The key components of STL are as follows:
- Seasonal Component: This represents the repetitive and predictable fluctuations or patterns that occur at specific intervals within the time series, such as daily, weekly, or yearly cycles. The seasonal component is typically extracted using a moving average or weighted moving average method.
- Trend Component: This component represents the long-term progression or direction of the time series data. It highlights the overall upward or downward movement over an extended period, ignoring the short-term fluctuations or noise. The trend component is estimated using a locally weighted regression method, such as the Loess method.
- Remainder Component (or Residual Component): This component captures the random variability or noise that cannot be explained by the seasonal and trend components. It includes the irregular fluctuations and random variations present in the data.
By decomposing the time series into these three components, STL enables analysts to understand the underlying patterns and behaviors within the data more accurately. This, in turn, allows for better forecasting, trend analysis, and anomaly detection. STL has found applications in various fields, including finance, economics, and environmental science, where the identification of seasonal and trend patterns is crucial for decision-making and predictive modeling.
VAR
Vector Autoregression (VAR) is a statistical model used to capture the linear interdependencies among multiple time series variables. It is an extension of the Autoregressive model, which is used for analyzing a single time series variable. VAR models are particularly useful when analyzing the dynamic relationship between multiple variables that influence each other over time.
In a VAR model, each variable is regressed on its own lagged values as well as the lagged values of the other variables in the system. This means that each variable in the system is modeled as a linear function of its own past values and the past values of all the other variables in the system. The order of the VAR model specifies the number of lags used in the model, and it is chosen based on the specific characteristics of the data and the goals of the analysis.

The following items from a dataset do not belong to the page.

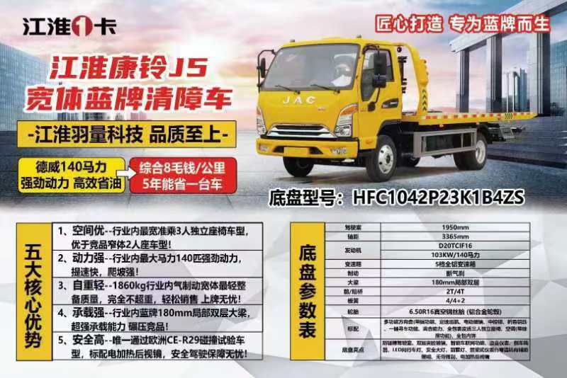 江淮J5清障車,2噸上裝,4噸卷揚,20米鋼絲繩,有三種板面可選,一體板3.8+1.3=5.1米左右,寬2.3米,雙側聯動操作,配警燈喊話器一5套.輔助小車一套,四根捆綁帶,底盤合格證,整車合格證,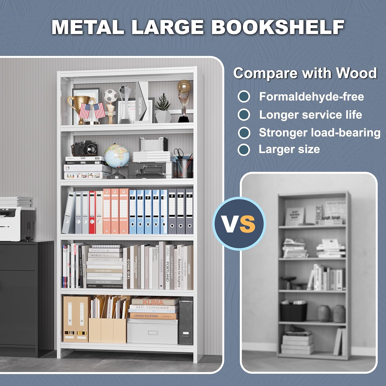 - 【Perfect for Any Space 】The modern style big metal bookshelf is suitable for both home and public places. The sturdy and stable bookshelf surface is scratch resistant and rust resistant. The beautiful and easy to clean bookshelf is suitable for offices, living rooms, and libraries.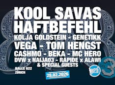 Joining them are Kool Savas(Opens in new tab), Genetikk(Opens in new tab), Vega(Opens in new tab), Kolja Goldstein(Opens in new tab), Tom Hengst(Opens in new tab), Beka(Opens in new tab), Cashmo(Opens in new tab), Rapide x Alawai(Opens in new tab), MC Hero(Opens in new tab) sowie DVW x Naija03(Opens in new tab) – a lineup of over 13 national and international artists, live on 28.02.2026.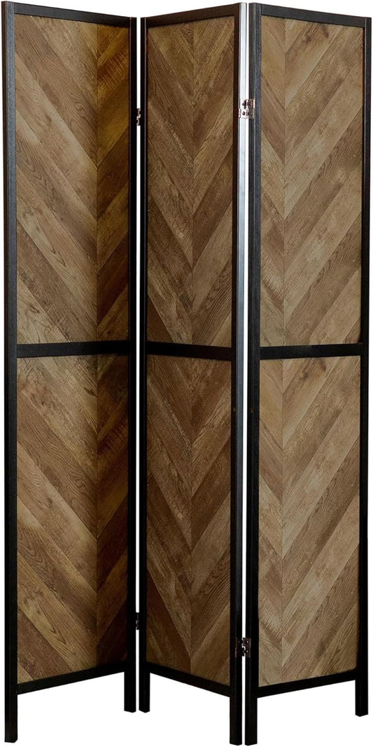 NicBex Room Divider 3 Panel Room Dividers with Herringbone Pattern Partition Room Dividers and Folding Privacy Screens Wall Divider for Home, Room Separation,52"W x 0.75"D x 70.25"H, Rustic Tobacco

VAR models are widely used in macroeconomics, finance, and other fields where the interactions between multiple economic variables are of interest. They are valuable for studying the dynamic effects of shocks or policy changes on a system of variables, as well as for forecasting the behavior of the variables in the system. Furthermore, VAR models can be extended to incorporate other features, such as exogenous variables or structural breaks, to enhance their explanatory power and forecasting accuracy.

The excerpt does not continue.